### Exercise prompt
Of the entries below, restate word for word only the section that runs from the line with "Florian (nomen est" to the line with "Der Rettungsschirm, jeder", counting both ends.

### Listed records
┌──
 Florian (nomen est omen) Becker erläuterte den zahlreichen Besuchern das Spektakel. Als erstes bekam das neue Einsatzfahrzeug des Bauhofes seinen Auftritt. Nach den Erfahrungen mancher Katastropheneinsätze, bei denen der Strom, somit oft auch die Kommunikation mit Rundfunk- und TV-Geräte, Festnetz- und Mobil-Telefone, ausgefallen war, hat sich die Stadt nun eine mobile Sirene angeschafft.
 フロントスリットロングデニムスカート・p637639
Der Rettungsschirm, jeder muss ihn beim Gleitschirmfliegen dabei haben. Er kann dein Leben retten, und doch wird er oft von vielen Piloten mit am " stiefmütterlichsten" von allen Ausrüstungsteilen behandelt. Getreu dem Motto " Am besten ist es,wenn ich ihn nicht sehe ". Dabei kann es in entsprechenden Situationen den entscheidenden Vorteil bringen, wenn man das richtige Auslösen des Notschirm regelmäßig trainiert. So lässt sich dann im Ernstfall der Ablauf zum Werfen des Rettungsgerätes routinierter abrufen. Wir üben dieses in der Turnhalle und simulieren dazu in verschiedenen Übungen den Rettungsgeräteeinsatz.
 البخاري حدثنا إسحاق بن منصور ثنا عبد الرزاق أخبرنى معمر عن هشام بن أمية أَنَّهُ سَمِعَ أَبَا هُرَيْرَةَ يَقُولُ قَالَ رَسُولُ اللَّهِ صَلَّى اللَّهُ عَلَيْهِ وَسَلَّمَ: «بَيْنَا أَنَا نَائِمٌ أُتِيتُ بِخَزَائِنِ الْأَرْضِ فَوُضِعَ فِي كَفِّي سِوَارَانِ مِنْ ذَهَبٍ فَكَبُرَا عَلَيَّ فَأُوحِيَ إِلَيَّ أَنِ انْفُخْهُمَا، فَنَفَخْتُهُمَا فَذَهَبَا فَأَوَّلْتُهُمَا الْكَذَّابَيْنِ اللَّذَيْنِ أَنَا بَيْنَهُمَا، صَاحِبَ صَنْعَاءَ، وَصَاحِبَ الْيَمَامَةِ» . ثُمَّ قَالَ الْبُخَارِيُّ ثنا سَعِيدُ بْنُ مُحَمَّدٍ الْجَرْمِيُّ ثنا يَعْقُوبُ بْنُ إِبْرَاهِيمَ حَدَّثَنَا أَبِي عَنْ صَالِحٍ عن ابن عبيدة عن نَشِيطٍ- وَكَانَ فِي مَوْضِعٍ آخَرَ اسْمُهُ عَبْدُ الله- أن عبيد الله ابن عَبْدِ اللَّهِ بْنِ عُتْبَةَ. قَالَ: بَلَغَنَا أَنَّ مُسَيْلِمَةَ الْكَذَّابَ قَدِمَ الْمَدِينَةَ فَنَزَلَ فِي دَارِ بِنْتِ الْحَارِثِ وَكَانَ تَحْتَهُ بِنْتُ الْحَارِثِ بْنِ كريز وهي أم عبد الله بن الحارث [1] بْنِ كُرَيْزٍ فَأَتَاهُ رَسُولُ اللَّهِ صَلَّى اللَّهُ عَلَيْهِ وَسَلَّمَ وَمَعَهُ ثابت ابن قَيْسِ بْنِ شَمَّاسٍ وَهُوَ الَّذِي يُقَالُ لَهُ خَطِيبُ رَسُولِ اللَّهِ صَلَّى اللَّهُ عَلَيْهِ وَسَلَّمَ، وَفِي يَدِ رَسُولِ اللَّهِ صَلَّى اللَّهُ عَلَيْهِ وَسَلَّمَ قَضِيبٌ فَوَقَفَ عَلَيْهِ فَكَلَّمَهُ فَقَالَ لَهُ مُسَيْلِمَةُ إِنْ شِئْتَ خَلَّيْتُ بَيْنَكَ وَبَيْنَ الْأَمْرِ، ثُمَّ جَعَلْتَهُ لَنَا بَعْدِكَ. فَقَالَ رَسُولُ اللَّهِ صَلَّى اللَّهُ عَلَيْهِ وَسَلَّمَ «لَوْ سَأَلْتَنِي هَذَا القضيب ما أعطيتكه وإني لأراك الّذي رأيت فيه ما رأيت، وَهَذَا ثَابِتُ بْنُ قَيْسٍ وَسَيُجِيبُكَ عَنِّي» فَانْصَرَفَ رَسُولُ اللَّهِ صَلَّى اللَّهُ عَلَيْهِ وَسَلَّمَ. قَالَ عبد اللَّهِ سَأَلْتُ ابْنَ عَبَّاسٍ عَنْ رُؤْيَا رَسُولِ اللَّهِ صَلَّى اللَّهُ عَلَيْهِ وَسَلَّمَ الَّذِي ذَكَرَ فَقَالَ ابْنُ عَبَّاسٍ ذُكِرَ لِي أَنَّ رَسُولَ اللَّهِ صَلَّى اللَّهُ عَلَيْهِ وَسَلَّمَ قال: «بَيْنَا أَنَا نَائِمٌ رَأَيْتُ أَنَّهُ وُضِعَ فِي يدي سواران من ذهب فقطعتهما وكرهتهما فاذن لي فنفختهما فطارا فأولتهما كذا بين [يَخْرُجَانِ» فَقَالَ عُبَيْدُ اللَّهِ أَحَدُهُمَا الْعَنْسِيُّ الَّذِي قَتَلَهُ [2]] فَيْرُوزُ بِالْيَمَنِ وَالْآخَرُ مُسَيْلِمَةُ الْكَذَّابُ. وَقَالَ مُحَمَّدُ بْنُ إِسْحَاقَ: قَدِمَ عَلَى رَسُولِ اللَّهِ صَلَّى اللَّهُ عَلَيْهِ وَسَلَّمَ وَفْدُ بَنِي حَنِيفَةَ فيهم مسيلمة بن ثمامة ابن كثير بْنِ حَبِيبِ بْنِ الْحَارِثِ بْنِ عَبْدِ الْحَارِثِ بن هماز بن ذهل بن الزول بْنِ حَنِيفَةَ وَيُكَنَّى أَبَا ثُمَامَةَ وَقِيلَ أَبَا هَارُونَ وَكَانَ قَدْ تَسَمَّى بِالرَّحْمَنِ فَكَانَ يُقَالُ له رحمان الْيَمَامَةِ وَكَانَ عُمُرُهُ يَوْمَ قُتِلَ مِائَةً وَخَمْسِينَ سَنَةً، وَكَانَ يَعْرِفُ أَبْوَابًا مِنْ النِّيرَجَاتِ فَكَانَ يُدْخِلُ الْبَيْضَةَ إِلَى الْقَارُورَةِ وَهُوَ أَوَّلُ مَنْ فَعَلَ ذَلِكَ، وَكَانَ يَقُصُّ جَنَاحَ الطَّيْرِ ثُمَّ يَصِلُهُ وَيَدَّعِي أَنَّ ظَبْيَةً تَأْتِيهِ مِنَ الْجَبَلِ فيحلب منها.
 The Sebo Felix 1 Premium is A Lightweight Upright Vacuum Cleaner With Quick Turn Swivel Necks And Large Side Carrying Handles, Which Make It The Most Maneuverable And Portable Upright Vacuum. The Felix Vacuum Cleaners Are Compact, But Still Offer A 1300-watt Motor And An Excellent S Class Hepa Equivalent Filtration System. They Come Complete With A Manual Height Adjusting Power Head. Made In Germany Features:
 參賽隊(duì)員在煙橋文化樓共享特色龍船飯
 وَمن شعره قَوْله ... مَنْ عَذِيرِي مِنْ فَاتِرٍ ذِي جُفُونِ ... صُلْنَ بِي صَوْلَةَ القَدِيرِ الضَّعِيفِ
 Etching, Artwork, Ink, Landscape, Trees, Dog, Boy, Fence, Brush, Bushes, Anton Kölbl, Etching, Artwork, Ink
└──
┌──
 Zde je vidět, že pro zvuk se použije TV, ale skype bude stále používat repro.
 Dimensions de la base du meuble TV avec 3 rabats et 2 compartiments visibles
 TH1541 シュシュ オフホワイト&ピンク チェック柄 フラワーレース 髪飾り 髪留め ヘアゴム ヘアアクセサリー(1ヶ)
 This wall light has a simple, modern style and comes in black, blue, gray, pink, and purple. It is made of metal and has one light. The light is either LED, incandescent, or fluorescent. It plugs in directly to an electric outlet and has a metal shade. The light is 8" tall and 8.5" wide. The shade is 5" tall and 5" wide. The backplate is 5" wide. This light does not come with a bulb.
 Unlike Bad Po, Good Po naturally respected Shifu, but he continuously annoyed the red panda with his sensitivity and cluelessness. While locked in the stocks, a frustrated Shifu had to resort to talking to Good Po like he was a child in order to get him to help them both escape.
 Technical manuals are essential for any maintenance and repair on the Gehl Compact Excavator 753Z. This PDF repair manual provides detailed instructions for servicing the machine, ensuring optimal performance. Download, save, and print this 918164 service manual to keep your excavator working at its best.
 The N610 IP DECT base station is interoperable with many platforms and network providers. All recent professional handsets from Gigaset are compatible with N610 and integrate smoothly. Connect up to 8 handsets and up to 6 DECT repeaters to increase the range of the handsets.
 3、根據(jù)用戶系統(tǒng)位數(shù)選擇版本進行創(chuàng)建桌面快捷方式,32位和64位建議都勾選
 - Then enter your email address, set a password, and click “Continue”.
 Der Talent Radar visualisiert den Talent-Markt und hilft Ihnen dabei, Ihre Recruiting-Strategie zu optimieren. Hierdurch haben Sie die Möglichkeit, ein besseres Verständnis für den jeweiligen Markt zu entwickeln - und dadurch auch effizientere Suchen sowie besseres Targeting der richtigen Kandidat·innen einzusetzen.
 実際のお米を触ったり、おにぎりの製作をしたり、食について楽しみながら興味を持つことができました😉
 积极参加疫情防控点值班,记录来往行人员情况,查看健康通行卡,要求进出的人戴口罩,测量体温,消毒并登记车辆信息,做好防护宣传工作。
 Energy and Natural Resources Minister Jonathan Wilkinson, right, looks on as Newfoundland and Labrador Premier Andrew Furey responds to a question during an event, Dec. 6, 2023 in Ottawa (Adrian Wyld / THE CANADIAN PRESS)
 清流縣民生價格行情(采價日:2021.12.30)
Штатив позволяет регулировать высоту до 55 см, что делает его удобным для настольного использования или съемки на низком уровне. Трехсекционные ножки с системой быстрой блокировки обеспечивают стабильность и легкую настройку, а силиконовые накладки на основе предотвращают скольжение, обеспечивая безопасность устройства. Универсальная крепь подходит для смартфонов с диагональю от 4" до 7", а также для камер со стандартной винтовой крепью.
└──
┌──
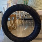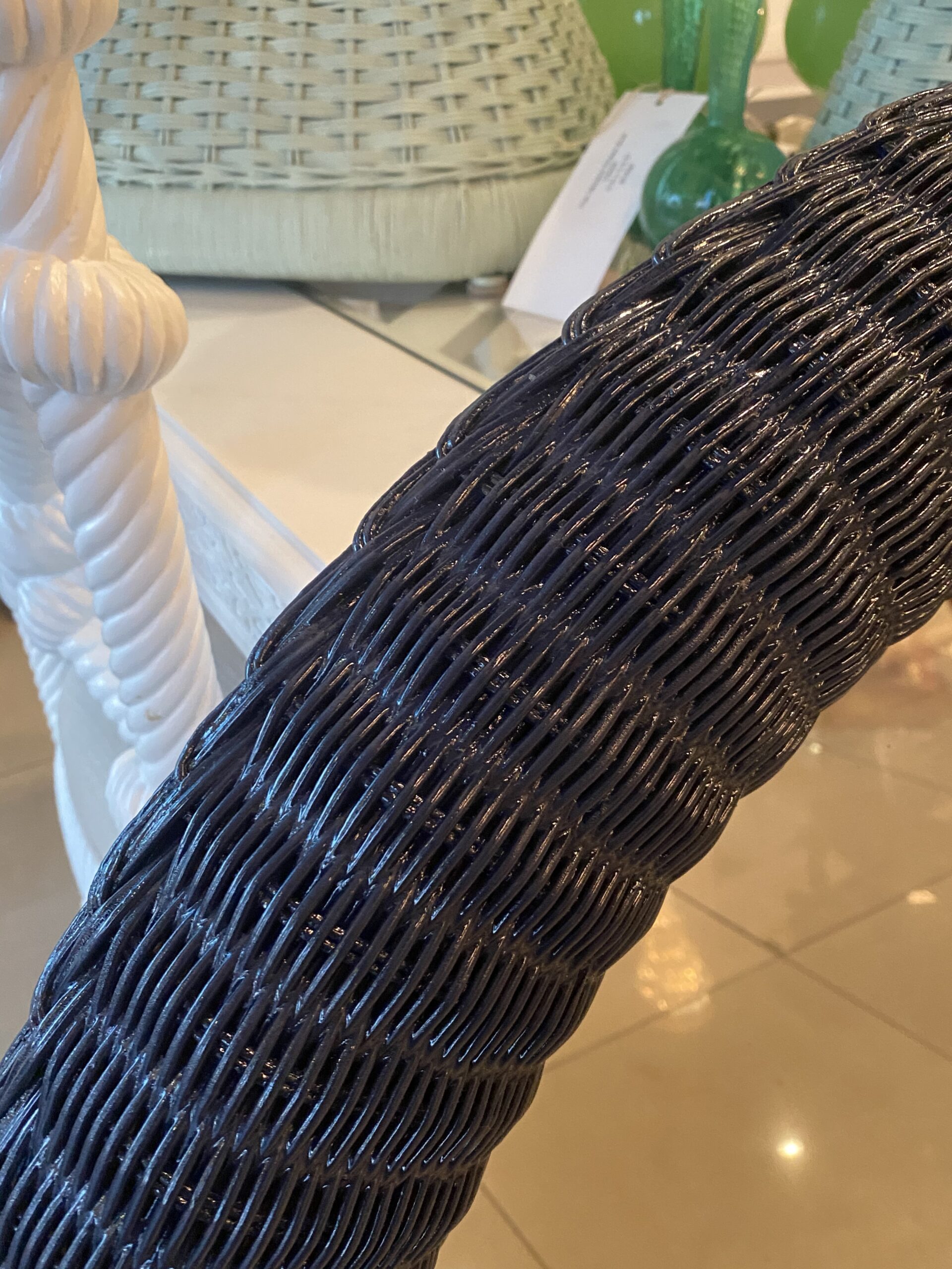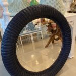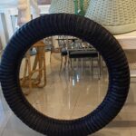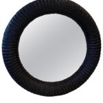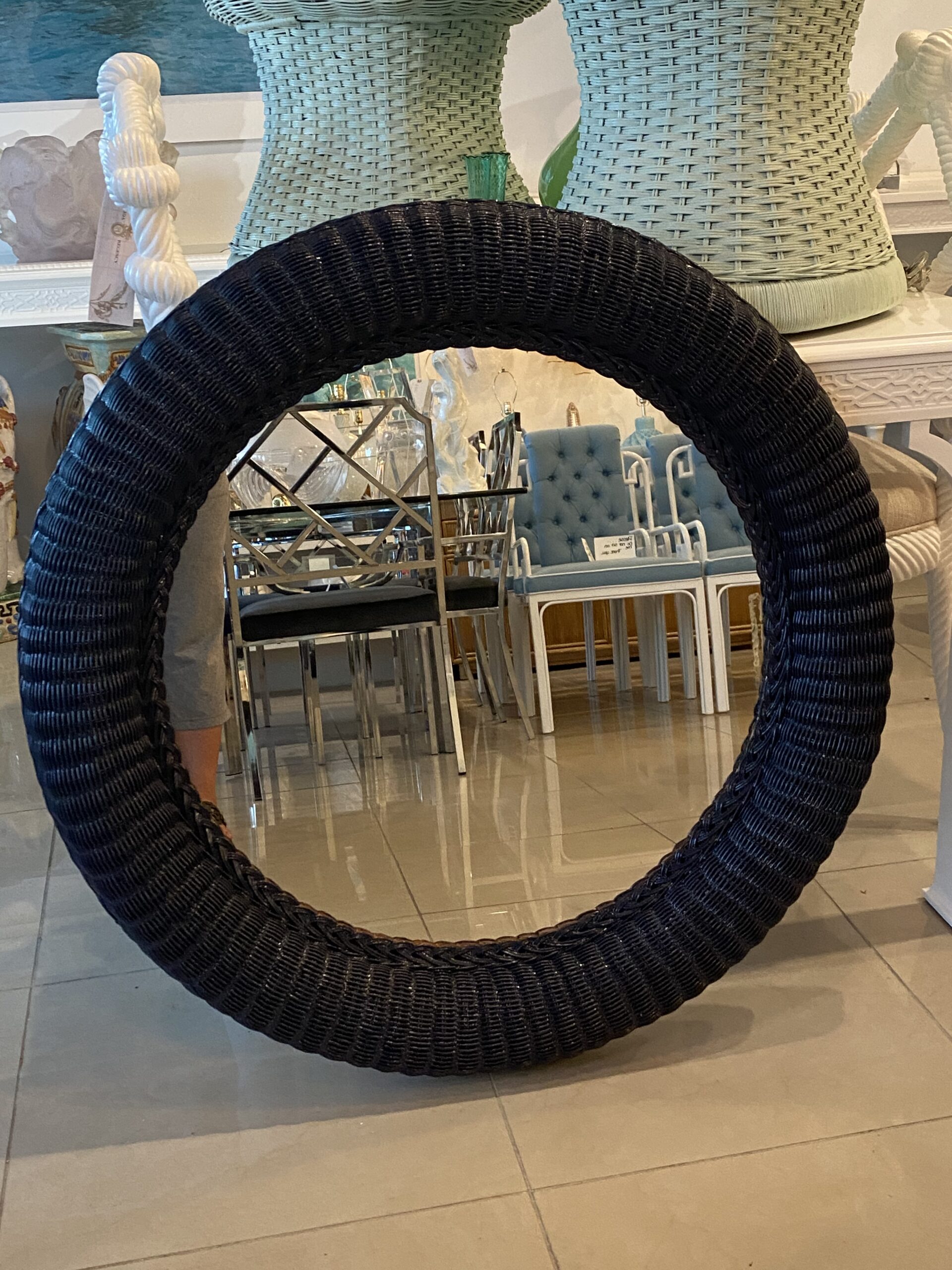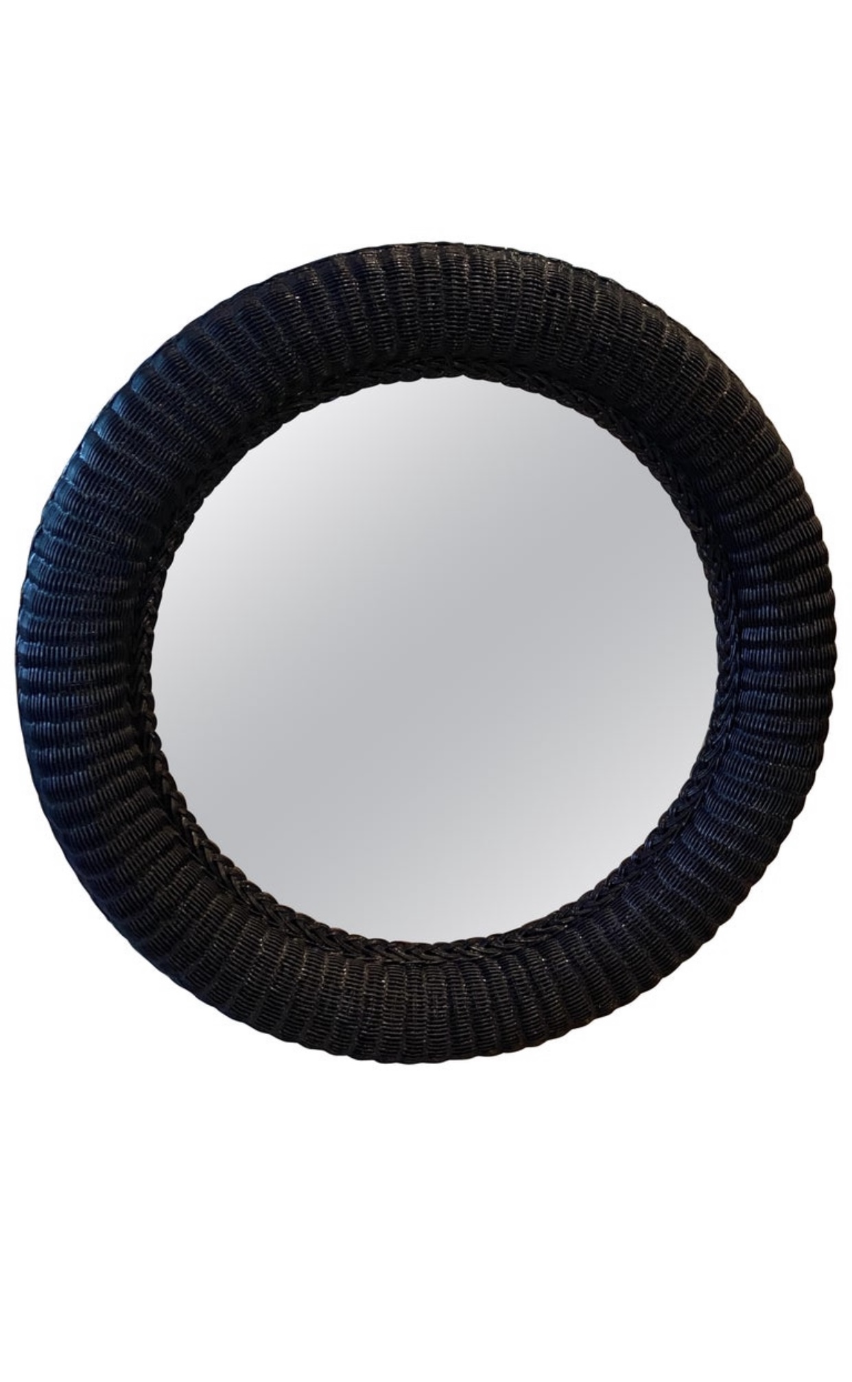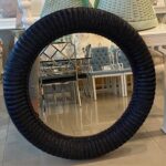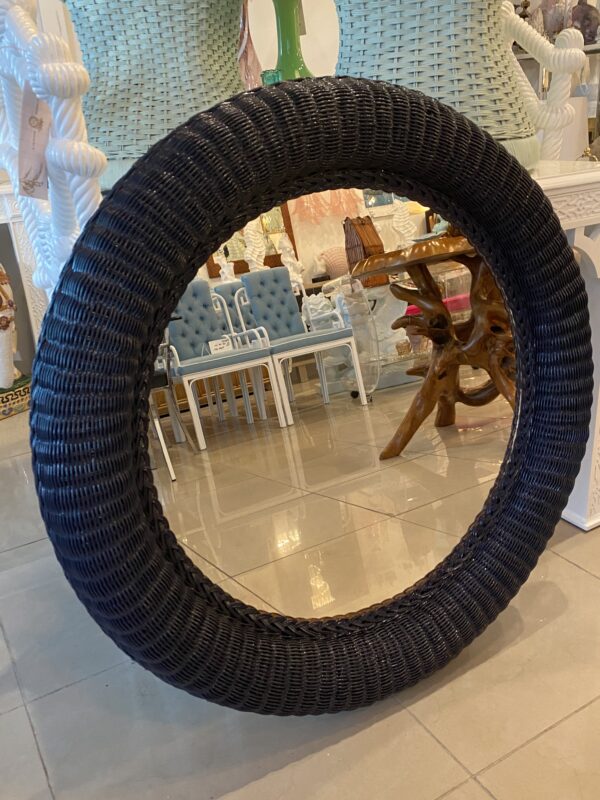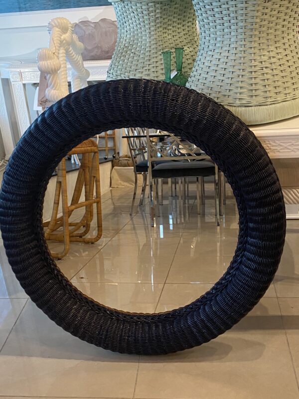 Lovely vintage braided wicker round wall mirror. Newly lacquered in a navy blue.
└──
### Output of the exercise
 Florian (nomen est omen) Becker erläuterte den zahlreichen Besuchern das Spektakel. Als erstes bekam das neue Einsatzfahrzeug des Bauhofes seinen Auftritt. Nach den Erfahrungen mancher Katastropheneinsätze, bei denen der Strom, somit oft auch die Kommunikation mit Rundfunk- und TV-Geräte, Festnetz- und Mobil-Telefone, ausgefallen war, hat sich die Stadt nun eine mobile Sirene angeschafft.
 フロントスリットロングデニムスカート・p637639
Der Rettungsschirm, jeder muss ihn beim Gleitschirmfliegen dabei haben. Er kann dein Leben retten, und doch wird er oft von vielen Piloten mit am " stiefmütterlichsten" von allen Ausrüstungsteilen behandelt. Getreu dem Motto " Am besten ist es,wenn ich ihn nicht sehe ". Dabei kann es in entsprechenden Situationen den entscheidenden Vorteil bringen, wenn man das richtige Auslösen des Notschirm regelmäßig trainiert. So lässt sich dann im Ernstfall der Ablauf zum Werfen des Rettungsgerätes routinierter abrufen. Wir üben dieses in der Turnhalle und simulieren dazu in verschiedenen Übungen den Rettungsgeräteeinsatz.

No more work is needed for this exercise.